Despite the lineup of his traditional allies against HR 1534, Blumenauer not only voted for the bill but made a floor speech in support of it. "I do not fear a wholesale legal assault on behalf of the development community," Blumenauer told colleagues. "I do see it as a step forward in the discussion of how we are going to direct and manage growth without undue legal and political wrangling."

For all those who were unable to make sense of Blumenauer's statement on the floor of Congress (that includes Kafoury, Fell and Liberty), Blumenauer's chief aide, Bob Crane, explained that his boss was trying to make friendly with realtors and home builders so he might influence them later on the "community livability" issues so important to his legislative agenda.

It was not a matter of "vote trading," Crane insists. "There was no quid pro quo." Instead, Crane says, Blumenauer merely hoped to show realtors and home builders that he was a "player"--someone they ought not to dismiss as a knee-jerk lefty.

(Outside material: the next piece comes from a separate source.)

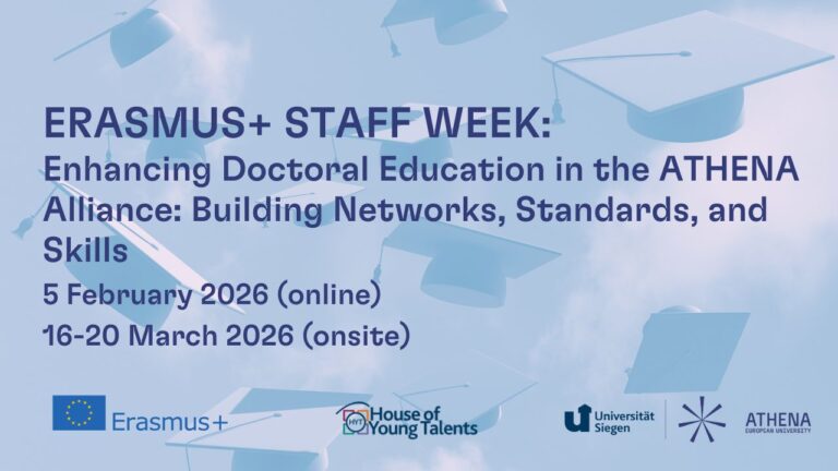 The ATHENA team, House of Young Talents and the International Office of the University of Siegen look forward to welcome you for our Blended Intensive Program (BIP) in Siegen! We will focus on enhancing doctoral education in the ATHENA Alliance. By sharing best practices and
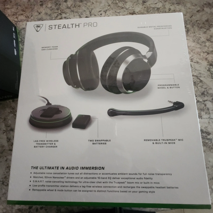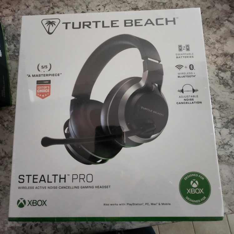 Brand new in box Turtle Beach Stealth Pro wireless gaming headset. Features noise cancellation, swappable batteries, and a comfortable design. Compatible with Xbox, Playstation, PC, and mobile devices. Includes charging dock.

"This is a discussion in which relationships and intellectual stimulation and honest evaluation of issues plays a huge role," Crane says. "If there's anything we want, it's the opportunity for Earl to continue to have discussions with these people."

Blumenauer is leading a nascent movement in Congress to use the federal government to promote the anti-sprawl vision he calls "community livability," and he's seeking allies from the development community. "When he does have discussions [with national developer lobbyists], good things happen, lights go on," says Crane.

Kafoury says Blumenauer's desire to curry favor with realtors and developers makes sense. "I understand why he would want an audience with these people and why he couldn't get more in return--he's just a first-term, junior bee, on the bottom of the barrel in the minority party," Kafoury says.

"But," she adds, "I think Earl would have been a player anyway, because he's smart enough to get their attention, he's got an agenda that makes sense and he's going to be in the majority party eventually--and I still would have felt awfully uncomfortable supporting 1534, even after adding it all up."